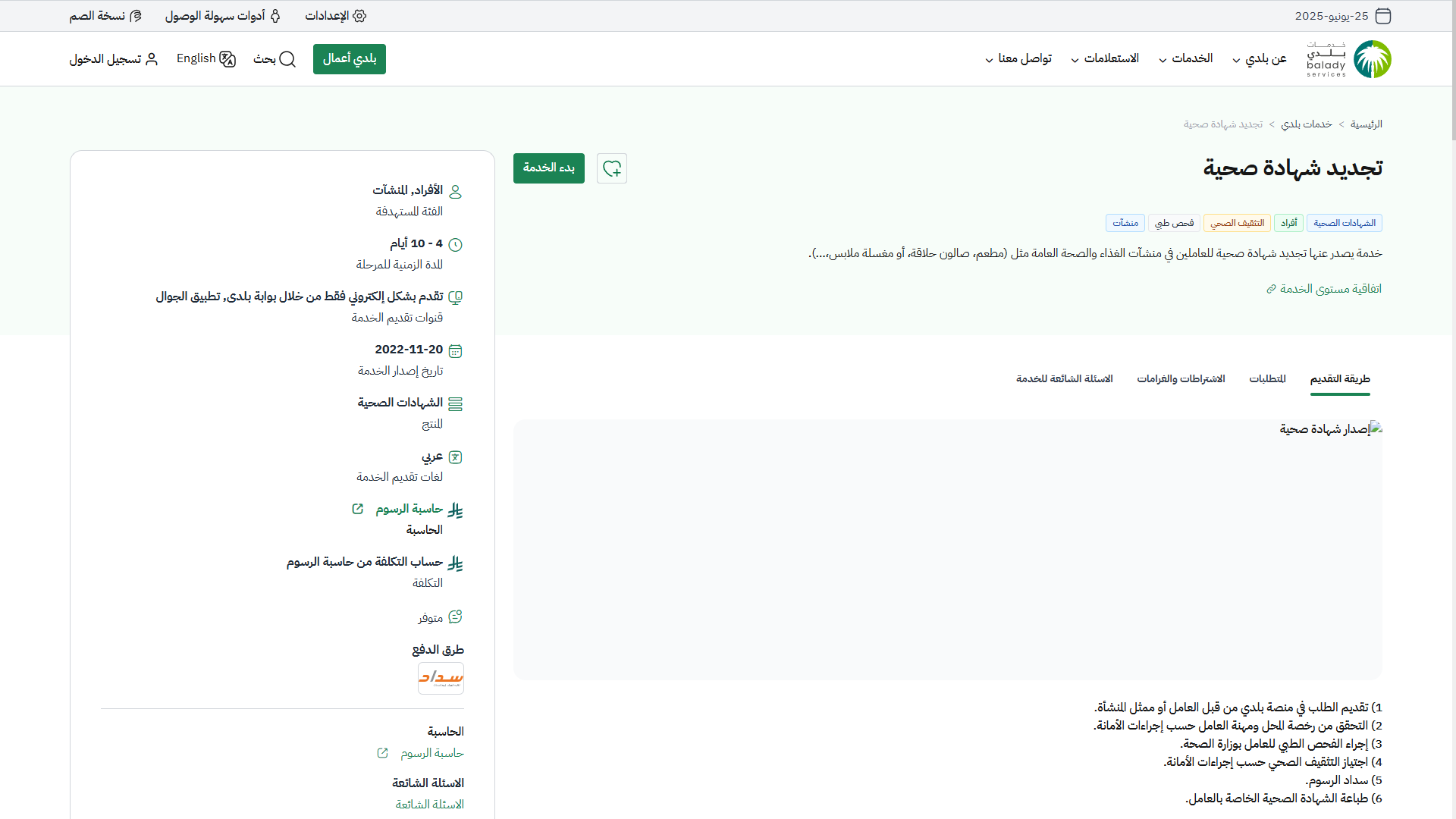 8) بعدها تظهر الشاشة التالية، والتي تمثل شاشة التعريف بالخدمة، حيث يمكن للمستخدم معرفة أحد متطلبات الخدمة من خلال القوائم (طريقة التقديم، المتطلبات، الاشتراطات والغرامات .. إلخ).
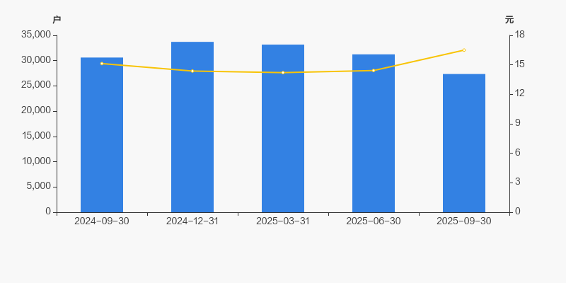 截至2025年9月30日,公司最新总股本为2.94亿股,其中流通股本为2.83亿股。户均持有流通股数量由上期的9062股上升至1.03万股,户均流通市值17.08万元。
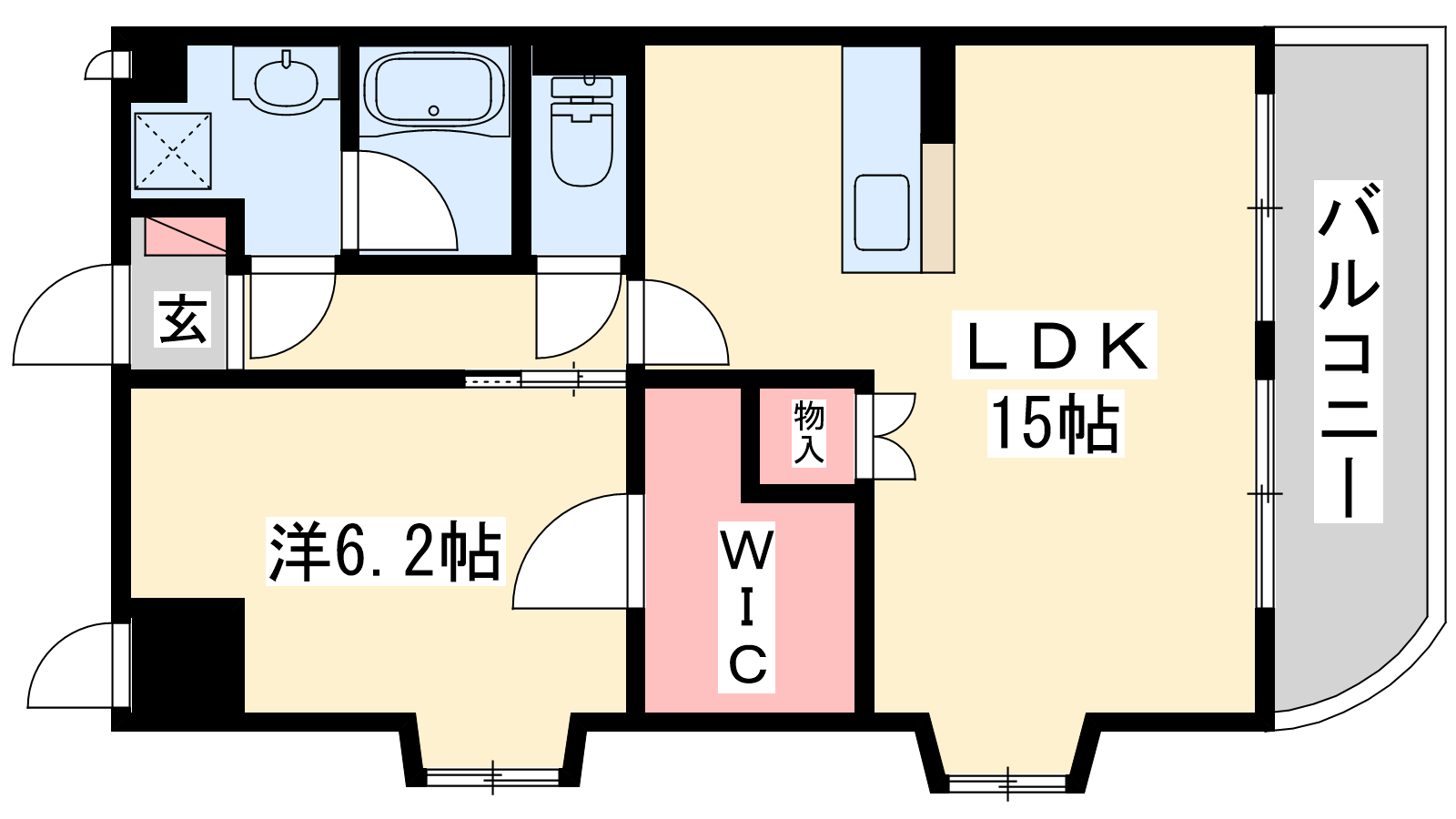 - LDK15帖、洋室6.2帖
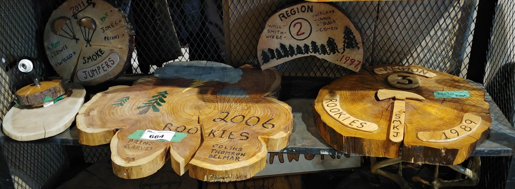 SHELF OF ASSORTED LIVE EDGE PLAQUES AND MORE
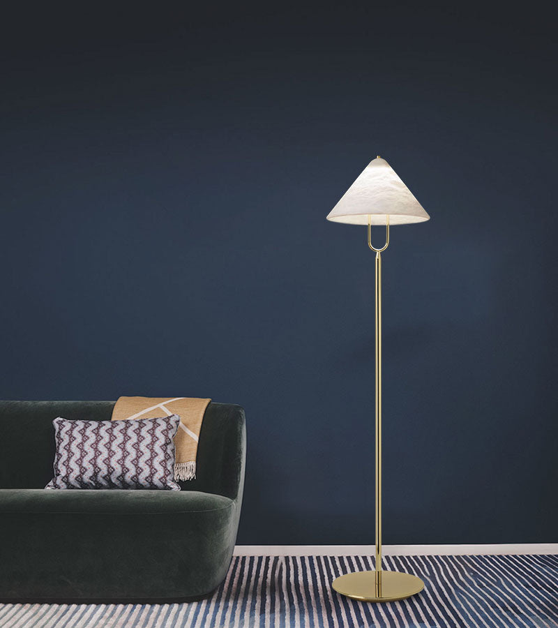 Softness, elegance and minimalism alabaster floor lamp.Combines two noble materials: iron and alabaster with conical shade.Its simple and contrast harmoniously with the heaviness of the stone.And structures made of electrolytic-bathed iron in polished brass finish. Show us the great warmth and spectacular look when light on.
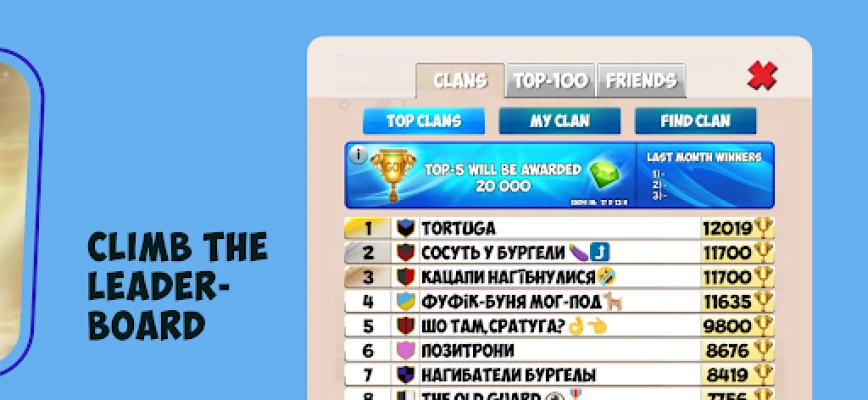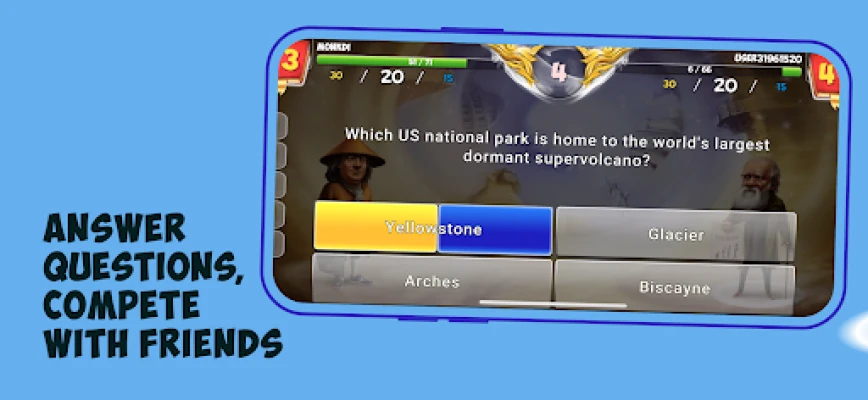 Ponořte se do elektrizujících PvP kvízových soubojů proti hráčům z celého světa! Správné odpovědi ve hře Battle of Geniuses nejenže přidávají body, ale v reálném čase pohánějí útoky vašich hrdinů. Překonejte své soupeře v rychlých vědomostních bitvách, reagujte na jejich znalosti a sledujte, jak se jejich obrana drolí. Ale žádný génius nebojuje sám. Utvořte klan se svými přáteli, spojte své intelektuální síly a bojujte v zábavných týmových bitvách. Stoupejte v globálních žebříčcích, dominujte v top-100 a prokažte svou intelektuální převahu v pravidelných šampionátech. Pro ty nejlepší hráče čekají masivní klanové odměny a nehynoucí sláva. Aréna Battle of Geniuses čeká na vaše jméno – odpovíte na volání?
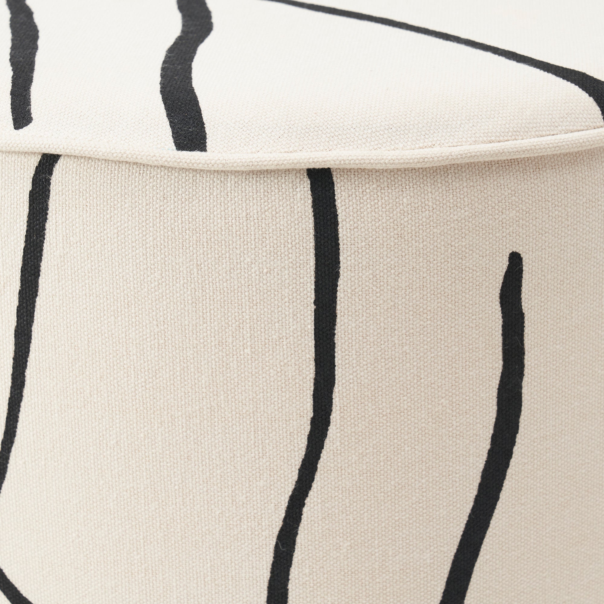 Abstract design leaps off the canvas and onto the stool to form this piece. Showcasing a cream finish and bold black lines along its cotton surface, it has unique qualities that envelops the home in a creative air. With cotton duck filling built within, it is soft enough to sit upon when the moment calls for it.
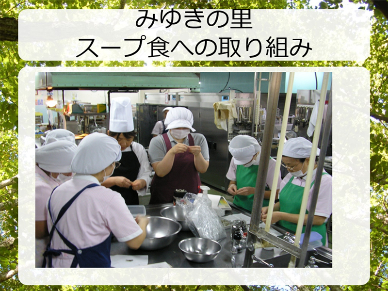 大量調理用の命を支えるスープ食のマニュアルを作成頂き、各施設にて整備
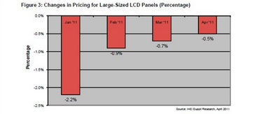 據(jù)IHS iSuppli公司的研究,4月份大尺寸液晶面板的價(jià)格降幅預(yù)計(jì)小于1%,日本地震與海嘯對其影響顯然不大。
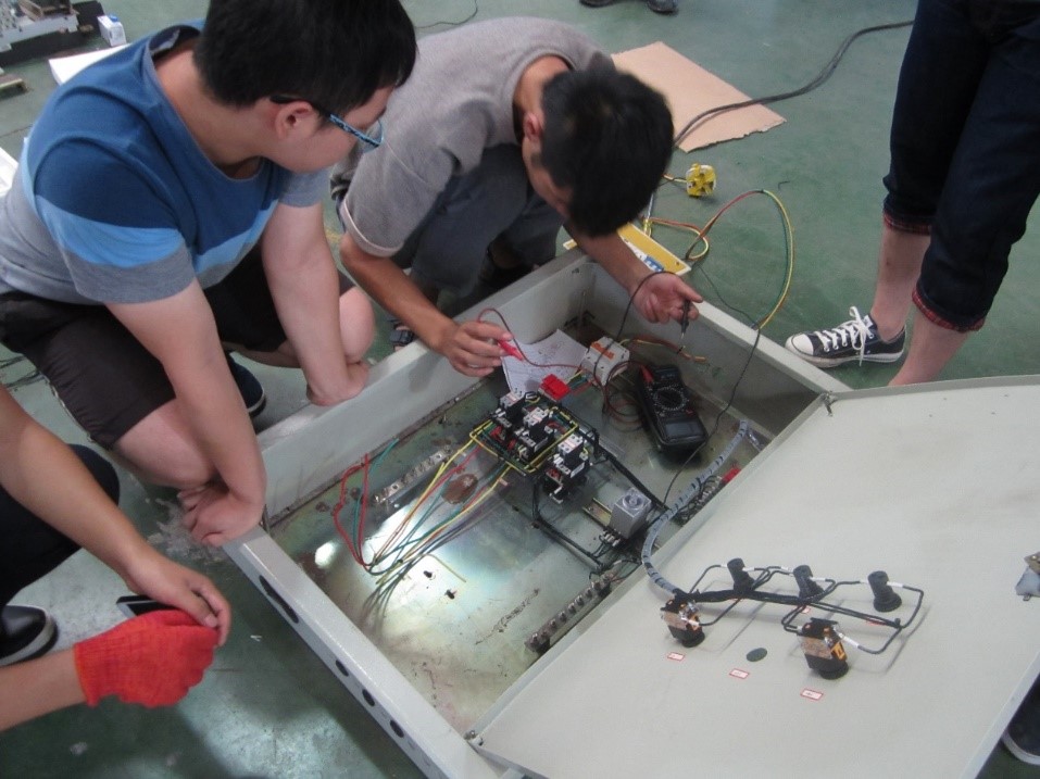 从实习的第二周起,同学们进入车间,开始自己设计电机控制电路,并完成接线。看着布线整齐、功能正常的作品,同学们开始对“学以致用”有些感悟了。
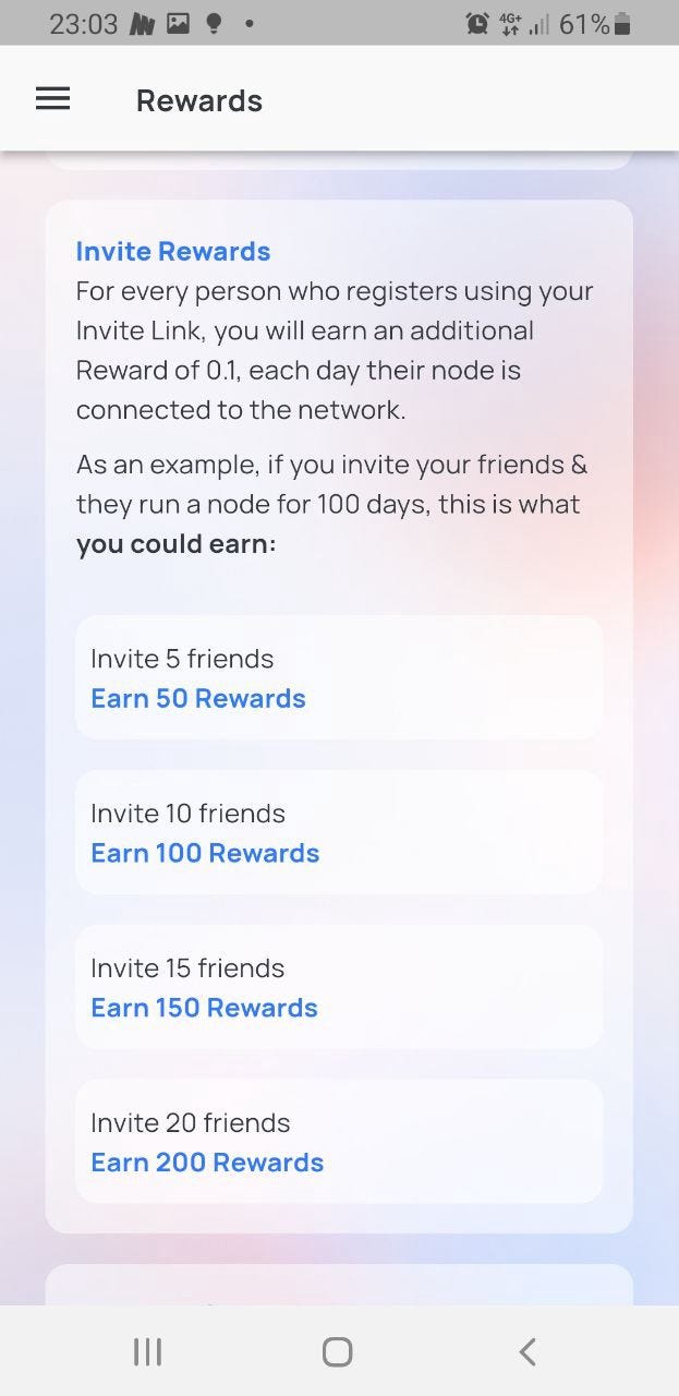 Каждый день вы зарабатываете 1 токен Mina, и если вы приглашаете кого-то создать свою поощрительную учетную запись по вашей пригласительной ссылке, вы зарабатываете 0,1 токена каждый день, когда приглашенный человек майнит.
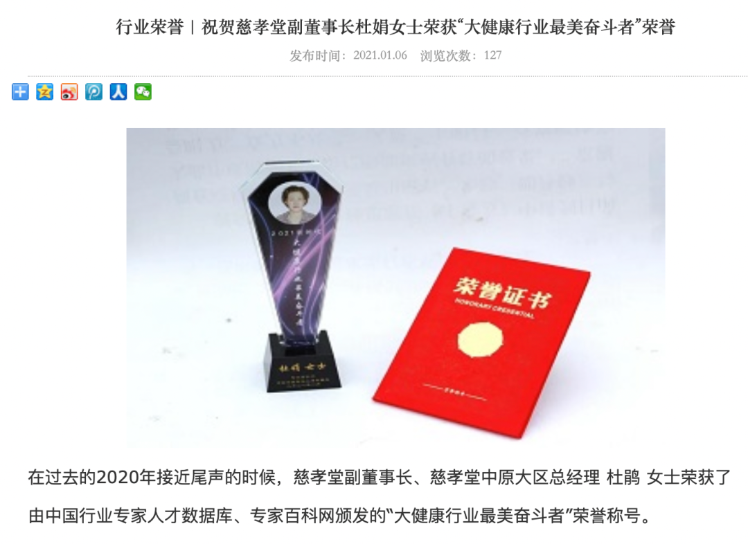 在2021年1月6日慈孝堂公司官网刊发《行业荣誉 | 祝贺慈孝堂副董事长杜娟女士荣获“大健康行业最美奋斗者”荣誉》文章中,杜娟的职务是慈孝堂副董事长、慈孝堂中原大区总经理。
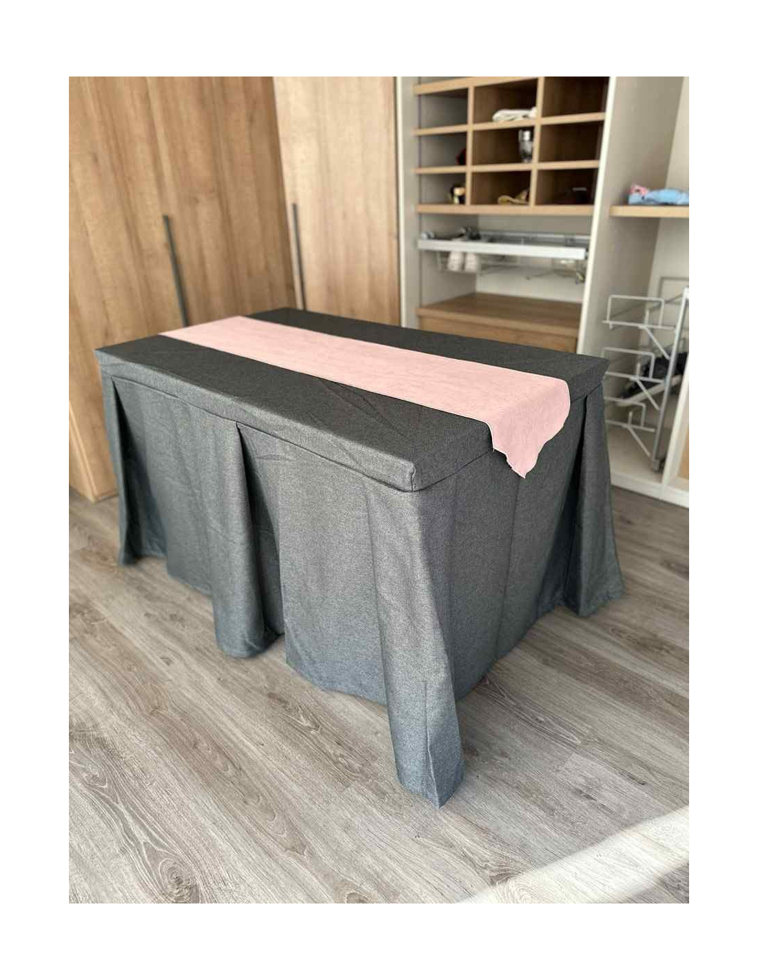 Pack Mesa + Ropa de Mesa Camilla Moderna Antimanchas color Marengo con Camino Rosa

**TASK TO CARRY OUT:** Retype the listing verbatim, minus every image.

**YOUR SOLUTION:**
 8) بعدها تظهر الشاشة التالية، والتي تمثل شاشة التعريف بالخدمة، حيث يمكن للمستخدم معرفة أحد متطلبات الخدمة من خلال القوائم (طريقة التقديم، المتطلبات، الاشتراطات والغرامات .. إلخ).
 截至2025年9月30日,公司最新总股本为2.94亿股,其中流通股本为2.83亿股。户均持有流通股数量由上期的9062股上升至1.03万股,户均流通市值17.08万元。
 - LDK15帖、洋室6.2帖
 SHELF OF ASSORTED LIVE EDGE PLAQUES AND MORE
 Softness, elegance and minimalism alabaster floor lamp.Combines two noble materials: iron and alabaster with conical shade.Its simple and contrast harmoniously with the heaviness of the stone.And structures made of electrolytic-bathed iron in polished brass finish. Show us the great warmth and spectacular look when light on.
 Ponořte se do elektrizujících PvP kvízových soubojů proti hráčům z celého světa! Správné odpovědi ve hře Battle of Geniuses nejenže přidávají body, ale v reálném čase pohánějí útoky vašich hrdinů. Překonejte své soupeře v rychlých vědomostních bitvách, reagujte na jejich znalosti a sledujte, jak se jejich obrana drolí. Ale žádný génius nebojuje sám. Utvořte klan se svými přáteli, spojte své intelektuální síly a bojujte v zábavných týmových bitvách. Stoupejte v globálních žebříčcích, dominujte v top-100 a prokažte svou intelektuální převahu v pravidelných šampionátech. Pro ty nejlepší hráče čekají masivní klanové odměny a nehynoucí sláva. Aréna Battle of Geniuses čeká na vaše jméno – odpovíte na volání?
 Abstract design leaps off the canvas and onto the stool to form this piece. Showcasing a cream finish and bold black lines along its cotton surface, it has unique qualities that envelops the home in a creative air. With cotton duck filling built within, it is soft enough to sit upon when the moment calls for it.
 大量調理用の命を支えるスープ食のマニュアルを作成頂き、各施設にて整備
 據(jù)IHS iSuppli公司的研究,4月份大尺寸液晶面板的價(jià)格降幅預(yù)計(jì)小于1%,日本地震與海嘯對其影響顯然不大。
 从实习的第二周起,同学们进入车间,开始自己设计电机控制电路,并完成接线。看着布线整齐、功能正常的作品,同学们开始对“学以致用”有些感悟了。
 Каждый день вы зарабатываете 1 токен Mina, и если вы приглашаете кого-то создать свою поощрительную учетную запись по вашей пригласительной ссылке, вы зарабатываете 0,1 токена каждый день, когда приглашенный человек майнит.
 在2021年1月6日慈孝堂公司官网刊发《行业荣誉 | 祝贺慈孝堂副董事长杜娟女士荣获“大健康行业最美奋斗者”荣誉》文章中,杜娟的职务是慈孝堂副董事长、慈孝堂中原大区总经理。
 Pack Mesa + Ropa de Mesa Camilla Moderna Antimanchas color Marengo con Camino Rosa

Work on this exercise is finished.